How to split a string

the way I would do it is:

----------------------------

dim strarray() as string
dim realarray() as string

for x=0 to len(stringvar)
   strarray(x)=mid(stringvar,x,1)
next

redim realarray(x)

for y=0 to x
   realarray(y) = strarray(y)
next

--------------------

of course if your string had a delimiter like:

A B C D

you could use the split() function like so:

------------------------

dim strarray() as string
dim realarray() as string

strarray() = split(stringvar," ")

redim realarray(ubound(strarray()))

-------------------------

hope that helps

This doesn't work from some reason

Sub a()


Dim strarray() As String

stringvar = ABCD
For x = 0 To Len(stringvar)
   strarray(x) = Mid(stringvar, x, 1)

MsgBox strarray(0)
Next

End Sub

Dim strarray() As String

stringvar = ABCD
For x = 0 To Len(stringvar)
   strarray(x) = Mid(stringvar, x, 1)

MsgBox strarray(x) '<-- Changed this from 0 To x as your variable is x in your for next loop
Next

End Sub

Try that and let us know how it goes :)

I hope that helps you out :)

Kind regards

Gecko

You basically need what dr binks suggested :)

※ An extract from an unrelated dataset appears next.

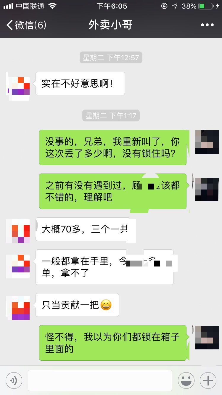 記者聯(lián)系到了當(dāng)事外賣小哥顏先生。"我的電動車停在福田區(qū)文化創(chuàng)意園世紀(jì)工藝廣場那里,就三個餐沒提完,放在箱子里面,幾分鐘出來后,下樓就沒了。"據(jù)了解,三份外賣總價值約70元。外賣被偷后,顏先生立即聯(lián)系了三位顧客道歉并說明情況,并照價賠償了點(diǎn)餐費(fèi)。"很多時候,我們都會把所有外賣都拿在手上,但那天有10多份,拿不了那么多,就當(dāng)貢獻(xiàn)一把了。"

Well, it will not work because the MsgBox will display whateveris requested. It seem the actual problem is somewhere here.

stringvar = ABCD
For x = 0 To Len(stringvar)
   strarray(x) = Mid(stringvar, x, 1)

It says Invalid call procedure or argument in the

strarray(x) = Mid(stringvar, x, 1)

Sub a()


Dim strarray() As String

stringvar = "ABCD"
For x = 0 To Len(stringvar)
   strarray(x) = Mid(stringvar, x, 1)

MsgBox strarray(0)
Next

End Sub

Did you try this?

hehe, I just tried the code, I found this works:

Dim strarray(1000) As String

stringvar = "ABCD"
For x = 1 To Len(stringvar)
   strarray(x) = Mid(stringvar, x, 1)

MsgBox strarray(x)
Next

(forgot x has to start at 1 because there is no position 0 in a string, my bad :/ )

anyways, I have work tommorow and its getting quite late, im sure gecko_au2003 and Shauli  can help you out from here zzwin.
I shall check in the morning to see if there was a solution and if not I shall help you out :)

nite

Just a question- what means
 Dim strarray(1000)

That means that you fix the size of the array to 1000 elements. There are two ways to define an array: Either you define the amount of elemnts before you load the array, as in  Dim strarray(1000), or you extend the amount of elemnt while you add elemnts, as in:

Dim myArray() as string, Counter as integer

Redim Preserve myArray(Counter)
myArray(Counter) = anyvalue
Counter = Counter + 1

That way, you add an elemnt to the array "on the fly" instead fixing the size of the array.

S

Thanx a lot guys.

To implement the "on the fly" option to the suggested code:

Dim strarray() As String, Counter As Integer

stringvar = "ABCD"
For x = 1 To Len(stringvar)
   ReDim Preserve strarray(x)
   strarray(x) = Mid(stringvar, x, 1)
   Counter  = Counter  + 1
Next

S

>>That means that you fix the size of the array to 1000 elements.<<
Actually no, it is 1001.  Since an array defined as:
Dim strarray(1000) is zero based than that would be 1001 elements.

It is a common mistake, and is especially true in .NET

although it is a common mistake, in most other languages it would infact be only 1000 elements.

In general, acperkins would be correct. But not at this time, as if the asker chooses to go with Dim strarray(1000), and as the loop to add the elements starts from 1 (For x = 1 To Len(stringvar)), then in this case it is 1000 and not 1001.

S

>>But not at this time<<
Really? Than I am afraid to say, you have no clue.  Please take the time to read up on arrays and in particular LBound and UBound.  Here is a little exercise for you:

Dim strarray(1000)
Debug.Print "Elements in the array:"; UBound(strarray) - LBound(strarray) + 1

Of course if you had done this:
Dim strarray(1 to 1000)

Or even this:
Option Base 1
Dim strarray(1000)

Then you would of course be correct (both of those arrays have only 1000 eleements), but then I would not be posting here then, would I?